No one wants to be involved in an accident of any type, but being injured in a collision with an intoxicated driver is even worse. The DUI laws are in place for very real reasons, and causing accidents and potential fatalities is chief among those situations legislatures intended to avoid with enhancing the law. And, for those who are impaired, it can often constitute negligence per se due to the fact that they were inebriated at the time while operating a vehicle against Massachusetts state law.
Assessing comparative negligence in Massachusetts
One of the first steps in adjudicating an auto accident in Massachusetts is reconstructing the accident and evaluating the actions and physical condition of each driver. Violations of highway rules and regulations can be a valid indicator of fault when the case is evaluated by insurance company adjusters and personal injury attorneys who are representing and sometimes defending their clients. Those drivers who are in violation of the criminal code such as driving under the influence are typically automatically at fault, which is termed negligence per se in accident adjudication.

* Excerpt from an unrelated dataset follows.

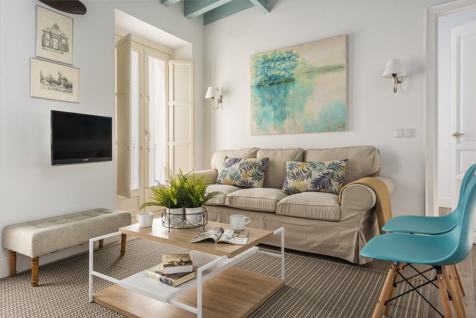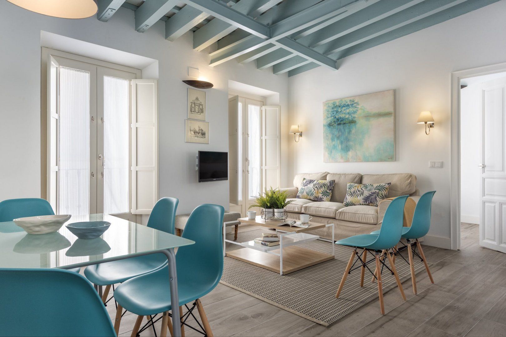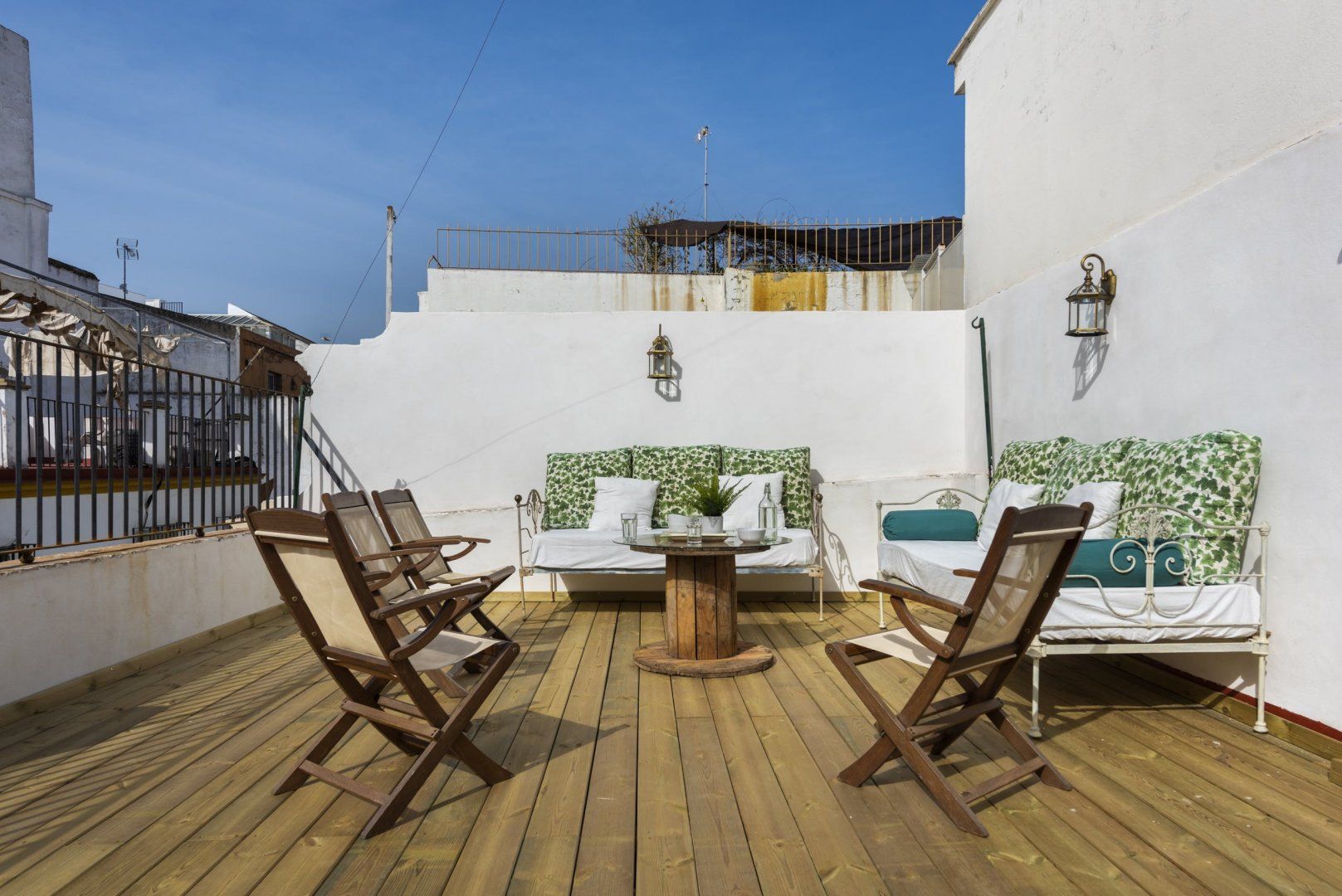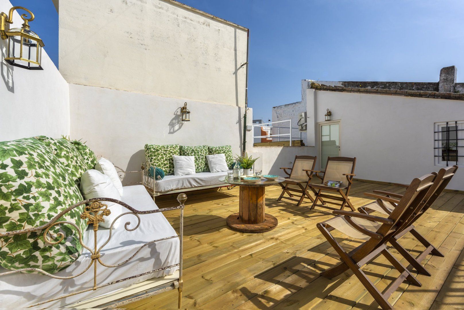 Located in Seville’s El Arenal quarter, this handsome two-level apartment places you perfectly to make the most of the city’s historic sights. An easy walk from the Catedral de Sevilla, the Setas de Sevilla and the Royal Alcázar, you’ve got plenty to fill your days nearby. When you’re not out exploring, however, the home’s private sun terrace is the ideal spot to unwind and work on your tan. And should the Spanish sun get too hot, you need only cool down inside among the beamed ceilings, enjoying the breeze flowing through the living room’s French doors.

Positive BAC may not constitute negligence per se
The mere fact that an involved driver has a positive BAC reading does not automatically mean they are totally at fault for an accident. Readings of 0.049% BAC and below are actually legal driving levels. Readings between 0.050% and 0.079%% are not criminal violations either, but it can generate a citation for “wet” reckless driving. This case fact can easily increase the comparative negligence percentage of the impaired driver when personal injury claims are negotiated.
Negligence per se applies primarily at 0.08% BAC level and above with enhanced claims for gross negligence beginning at 0.15% BAC. Details matter when being involved in an accident with an impaired driver, and an experienced Massachusetts personal injury attorney will know when claim values will increase.